Are you happy with where you are right now? Do your relationships make you fall in love with yourself more?
If you have to convince yourself that you feel a certain way, you don’t. You’re not just lying to the world, but more importantly to yourself as well.
When you enter into a relationship just so your partner can save you from your fears, that’s not love—it’s a trauma bond. And you might not know it, but it has most likely formed part of your system when you were still growing as a child.
As children, our truth is not validated or celebrated for many of us. It’s not allowed.
Society puts its version of the truth about you, so you struggle just to fit in. Now you’re living in avoidance of those pains and fears that have accumulated all these years, trying to be someone you’re not.
You can break free from that prison.
Spiritual Coach and New Thought Leader Candace van Dell wants to help you conquer yourself and experience genuine happiness through spiritual fitness. She shares her knowledge and experience on dealing with pain and turning it into your power.
Pain: Feel It To Heal It
Pain is a tricky thing. It’s scary and funny at the same time.
The mere thought of it scares you because you’re reminded of how that feeling hurts, how it stings, and how every second with it feels like forever. You just want it gone. But it won’t go away as long as you avoid it.

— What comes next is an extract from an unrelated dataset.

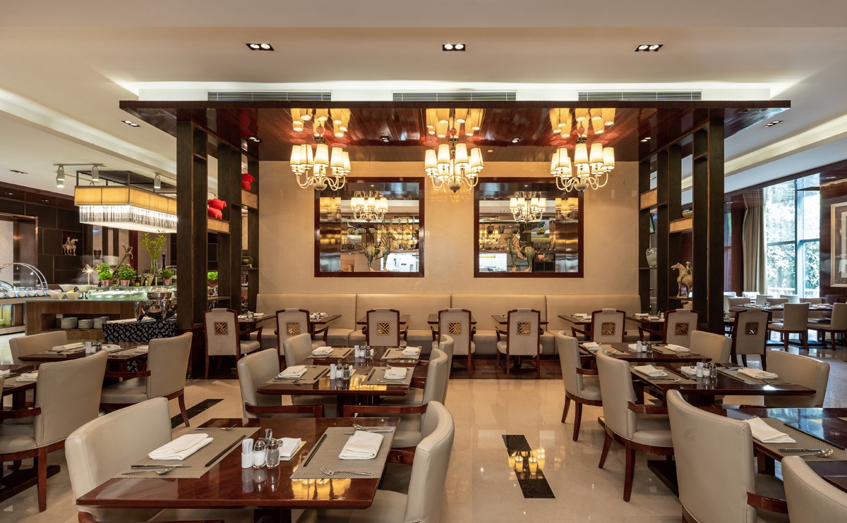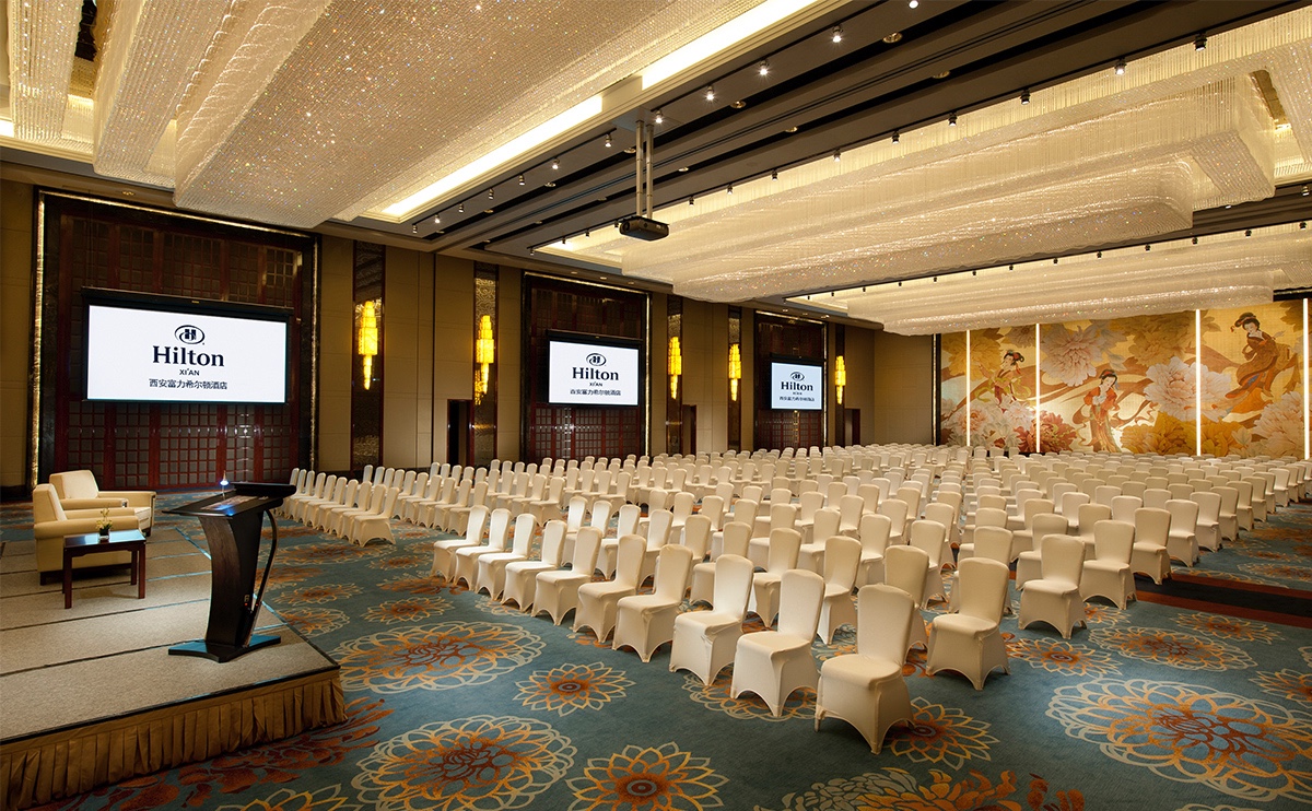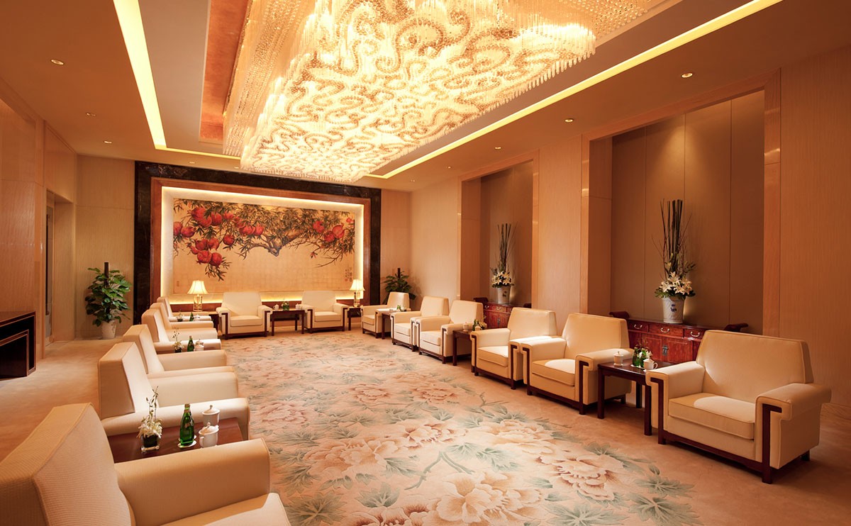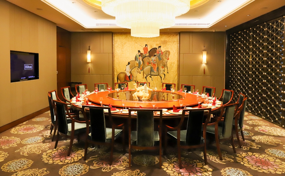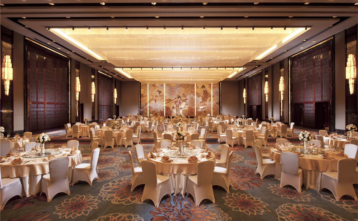 酒店共包含一間1,200平米的無(wú)柱大宴會(huì)廳 – 華夏廳,及六間多功能廳面積自76平米至190平米不等,滿足客人不同擺臺(tái)需求和活動(dòng)場(chǎng)地。整個(gè)宴會(huì)區(qū)域由整幅唐代《簪花仁女圖》構(gòu)成。畫中貴婦身披薄質(zhì)輕紗,內(nèi)著團(tuán)花長(zhǎng)裙,體態(tài)豐腴端莊,雍容華貴。

It sounds ridiculous, but that’s the problem with pain—you have to feel it to heal it.
And the funny thing is that resistance to pain is actually the one causing you pain.
Have you noticed that when you’re constantly running from the things you’re afraid of, it feels so overwhelming that you think you can’t face it, but when you actually go through it, it turns out to be much smaller than you pictured?
You’ll realize that you do tough things in life, and in the end, you’re still okay. And when that awareness sweeps in, you start looking through the fears instead of away from them.
So sit with the pain. You are capable of healing it.
And when you trace how that pain emerged in the first place, you’ll see that it’s actually that part of you that you’ve cast away because you’re too afraid of owning your truth.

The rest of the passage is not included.